DATA FOR THIS TASK Block Start
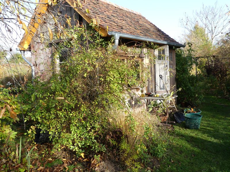 Ohne die Rose hat sich die Ansicht nun sehr verändert. Ans Häuschen kommt statt der 'Witzenhausen' ein weniger stark wüchsiger Rambler. An der vorderen Ecke werde ich nun versuchen, eine Franklinia zum Wachsen zu überreden. Wenn es gelingt, stelle ich mir ein aufgeastetes Exemplar vor.
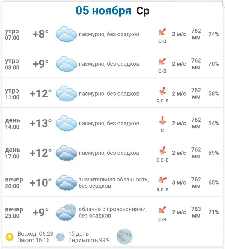 Подробно о погоде в Васильевке 5 ноября 2025 года
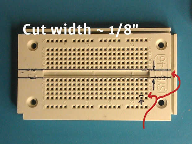Utilizando un marcador mágico, marque el protoboard como se indica en el centro de la foto.
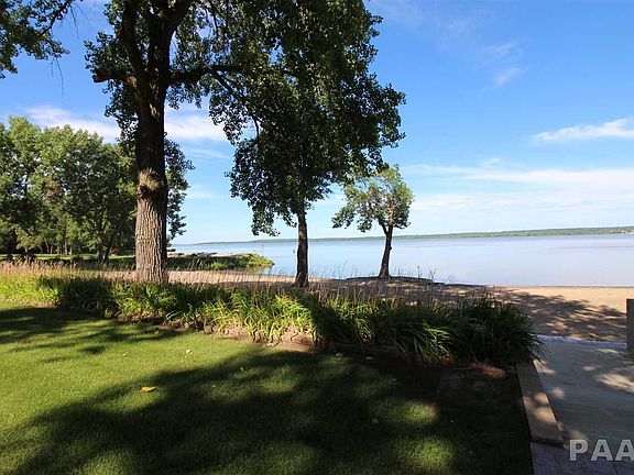 Million Dollar Views and Private Beach. Beautiful riverfront property located in Upper Peoria Lake. Key features include kitchen with corian tops, large island/breakfast bar and pantry, porcelain tile, wood floors, spacious master with ensuite and walk in closet, enclosed under deck offering extra storage, 2 fireplaces, 3.5 baths, oversized 2 car garage and carport. Updates include windows, roof, and 3 tier deck with glass rails. See this incredible home today!
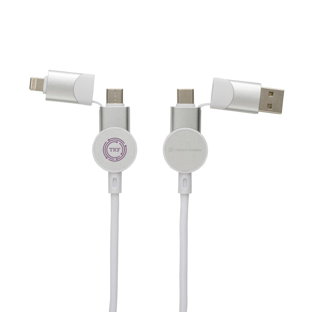 Das Gehäuse des Schnellladekabels Oakland besteht aus 100% RCS-zertifiziert recyceltem TPE & Aluminium, das Kabel aus 100% recyceltem TPE-Innen und 100% recycelter PET-Außenschicht. RCS (Recycled Claim Standard) ist ein Standard zur Überprüfung des Recyclinganteils eines Produkts in der gesamten Lieferkette. Dieser Standard wird verwendet, wenn ein Teil des Artikels aus recycelten Materialien hergestellt wurde. 120cm langes Kabel mit 5 verschiedenen Anschlüssen: USB-C In,USB-A In,Typ-C Out,IOS Out und Micro USB Out. Daher auch mit Typ-C Ausgabegeräten verwendbar, wie z.B. neueren Generation von Telefonen und MacBook-Computern. Die USB-A-In/Out-Option sorgt dafür, dass man jedes Gerät von jeder Ausgangsquelle aufladen kann. Maximale Spannung von Typ-C zu Typ-C sind 45W. Urban Vitamin Artikel werden ohne PVC hergestellt. Die Verpackung mit besonders wenig Kunststoff verpackt. Gesamter Recyclinganteil: 52% bezogen auf das Gesamtgewicht des Artikels. Kann Laden und Synchronisieren.
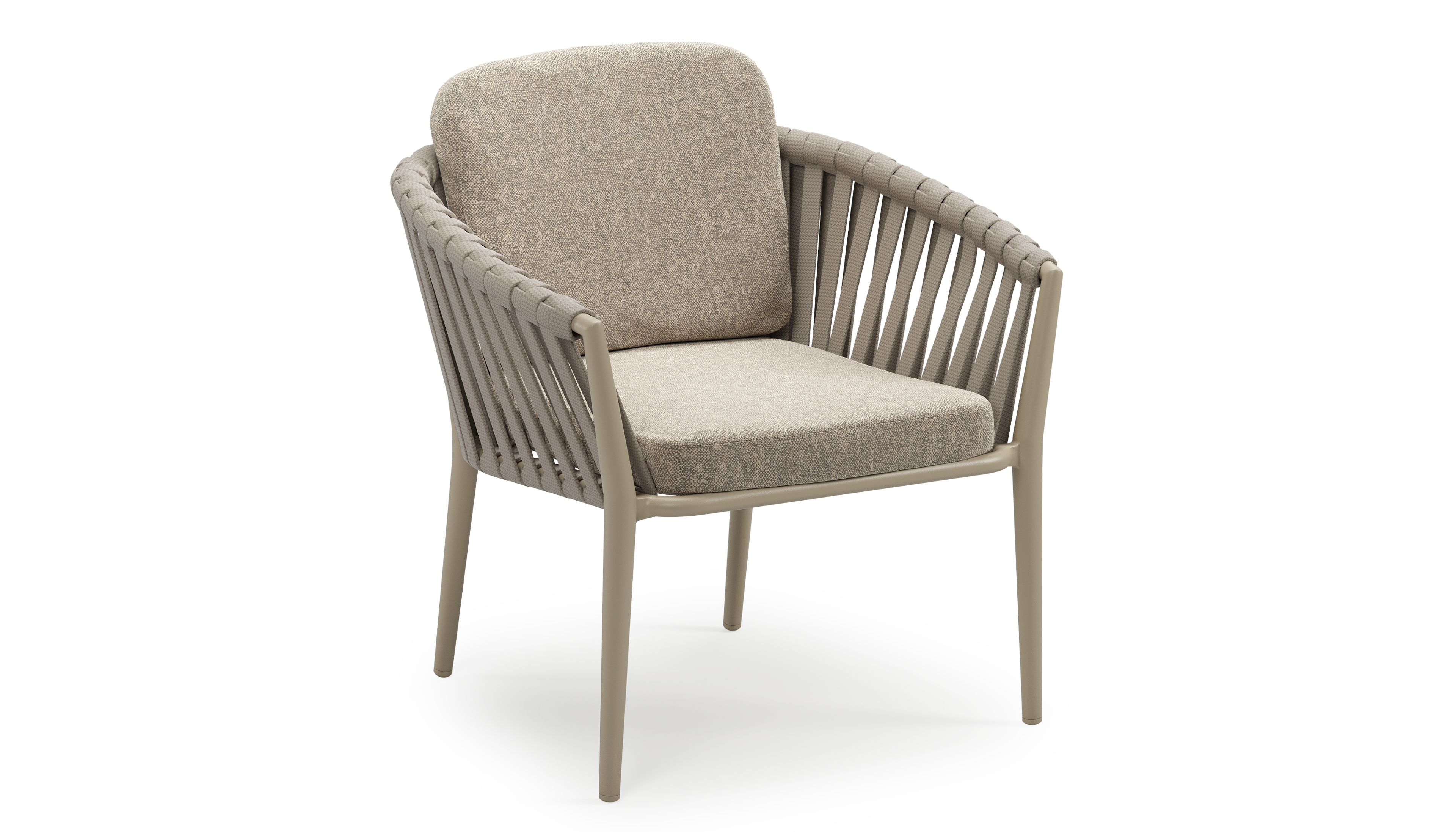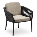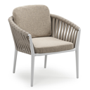 Orso low dining tuinstoel in beige aluminium en beige verticaal geweven luxe vlakke brede rope met stoelkussen in All Weather Sunbrella® Luxe Chartres Pewter | Exterioo tuinmeubelen
DATA FOR THIS TASK Block End
The reply is to be all the records above, transcribed exactly, with no pictures.

YOUR RESPONSE -
 Ohne die Rose hat sich die Ansicht nun sehr verändert. Ans Häuschen kommt statt der 'Witzenhausen' ein weniger stark wüchsiger Rambler. An der vorderen Ecke werde ich nun versuchen, eine Franklinia zum Wachsen zu überreden. Wenn es gelingt, stelle ich mir ein aufgeastetes Exemplar vor.
 Подробно о погоде в Васильевке 5 ноября 2025 года
Utilizando un marcador mágico, marque el protoboard como se indica en el centro de la foto.
 Million Dollar Views and Private Beach. Beautiful riverfront property located in Upper Peoria Lake. Key features include kitchen with corian tops, large island/breakfast bar and pantry, porcelain tile, wood floors, spacious master with ensuite and walk in closet, enclosed under deck offering extra storage, 2 fireplaces, 3.5 baths, oversized 2 car garage and carport. Updates include windows, roof, and 3 tier deck with glass rails. See this incredible home today!
 Das Gehäuse des Schnellladekabels Oakland besteht aus 100% RCS-zertifiziert recyceltem TPE & Aluminium, das Kabel aus 100% recyceltem TPE-Innen und 100% recycelter PET-Außenschicht. RCS (Recycled Claim Standard) ist ein Standard zur Überprüfung des Recyclinganteils eines Produkts in der gesamten Lieferkette. Dieser Standard wird verwendet, wenn ein Teil des Artikels aus recycelten Materialien hergestellt wurde. 120cm langes Kabel mit 5 verschiedenen Anschlüssen: USB-C In,USB-A In,Typ-C Out,IOS Out und Micro USB Out. Daher auch mit Typ-C Ausgabegeräten verwendbar, wie z.B. neueren Generation von Telefonen und MacBook-Computern. Die USB-A-In/Out-Option sorgt dafür, dass man jedes Gerät von jeder Ausgangsquelle aufladen kann. Maximale Spannung von Typ-C zu Typ-C sind 45W. Urban Vitamin Artikel werden ohne PVC hergestellt. Die Verpackung mit besonders wenig Kunststoff verpackt. Gesamter Recyclinganteil: 52% bezogen auf das Gesamtgewicht des Artikels. Kann Laden und Synchronisieren.
 Orso low dining tuinstoel in beige aluminium en beige verticaal geweven luxe vlakke brede rope met stoelkussen in All Weather Sunbrella® Luxe Chartres Pewter | Exterioo tuinmeubelen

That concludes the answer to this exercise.